- [WHAT THE EXERCISE ASKS]
Give back every line of the material below that has the string "mellett".

- [EXTRACTED RECORDS]
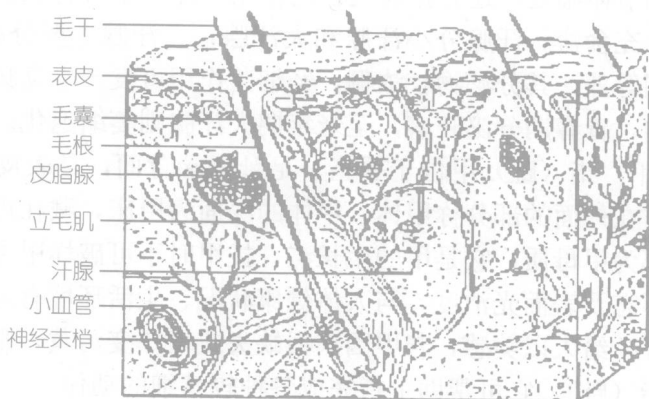
图 1-2 皮肤的附属器示意图

毛发的结构可分为毛干和毛根两部分。毛干露于皮肤的外面，由含有黑色素的角化细胞构成，色素含量多少决定毛的颜色。毛根埋在皮肤内，并被毛囊包裹。毛根和毛囊的末端膨大，称毛球，毛球底面向内凹陷形成毛乳头，给毛球提供营养，也是病理变化的中心场所，如若毛乳头被破坏和退化，毛发即停止生长并脱落。毛球是毛发和毛囊的生长点。毛球含有毛母质细胞，毛母质细胞间的黑素细胞能将色素输入新生的毛根上，从而形成毛的颜色。
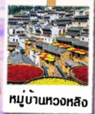
หมู่บ้านทวงหลิง
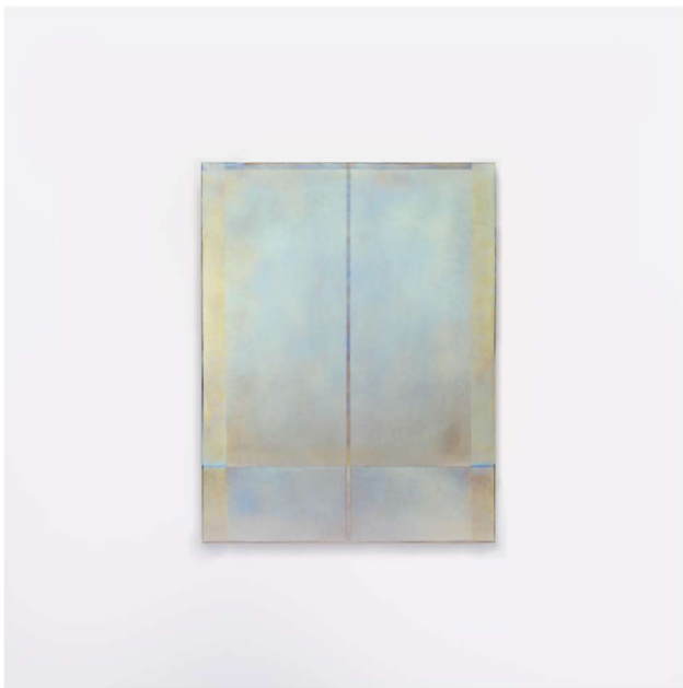
2022 486 × 375 mm Titanium

YUKI-SIS では、2022 年 9 月 10 日（土）－24 日（土）柳田有希子個展” Falling” を開催いたします。
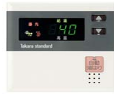
自動湯はりタイプ用メインコントローラ EMS-C-1
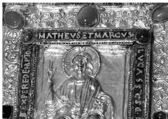
10. ábra. Sioni/Sitteni könyvtábla (1140-1150, Trier?)

Ezek a rövidítések a Meuse/Maas-vidéki és német ötvöstárgyakon is előfordulnak. Feltűnő, hogy a betűket 1–1 tárgyon is többféle írásmóddal jelenítik meg, mintegy átmenetet képezve a maiuscula és a kurzív írásmódok között. Ugyan nem ötvöstárgy, de hasonló írásmódot találunk a pécsi székesegyház Szt. Bertalan apostolt ábrázoló relief feliratánál is. (11. ábra) Érdekes az ábrázolásmódban (szembeforduló alak, jobb
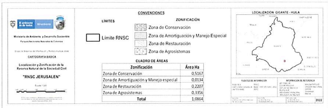
Figura 1. Zonificación propuesta para la RNSC "JERUSALEN" de acuerdo con la sección 17 del Decreto 1076 de 2015.
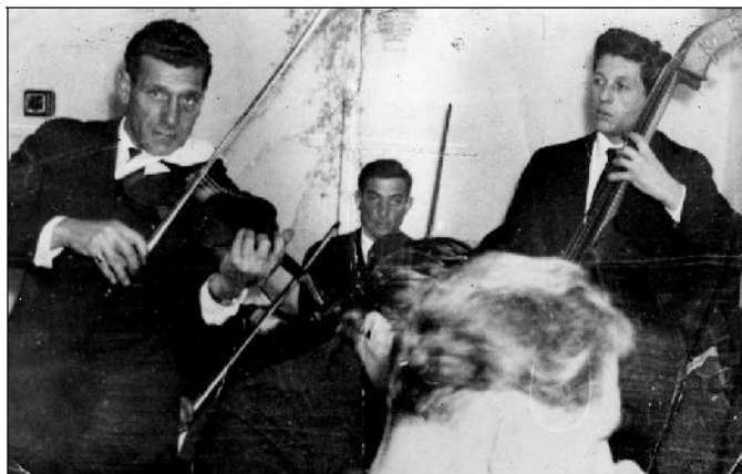
Pályája kezdetén a bögő mellett brácsán is muzsikált (a kép bal szélén)

feladatot rám bízták, így én vittem a hangszert a lagzikba. Ott ültem a zenekar mellett és lelkesen figyeltem az öregek minden vonóhúzását a hegedűn. Tanítani nem tudtak, mert ők is ösztönösen muzsikáltak; a hangokat, kottát nem ismerték.
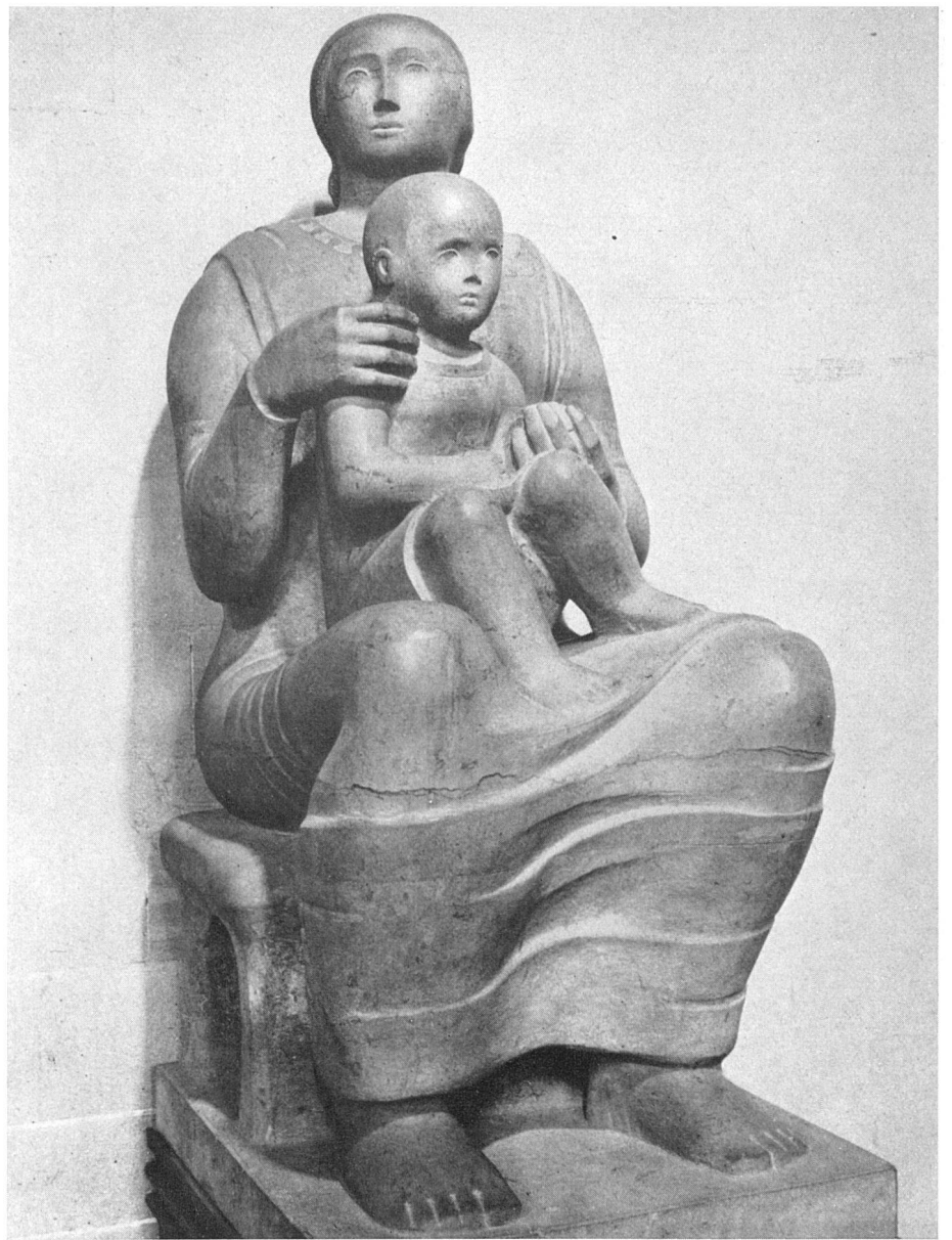
Henry Moore, Madonna und Kind, 1943–1944. Steinplastik in der Matthäuskirche in Northampton / La Vierge et l'Enfant, pierre. Eglise Saint-Mathieu, Northampton / Madonna and Child. Hornton stone, Saint Matthew's Church, Northampton

- [RESPONSE AREA]
Pályája kezdetén a bögő mellett brácsán is muzsikált (a kép bal szélén)
feladatot rám bízták, így én vittem a hangszert a lagzikba. Ott ültem a zenekar mellett és lelkesen figyeltem az öregek minden vonóhúzását a hegedűn. Tanítani nem tudtak, mert ők is ösztönösen muzsikáltak; a hangokat, kottát nem ismerték.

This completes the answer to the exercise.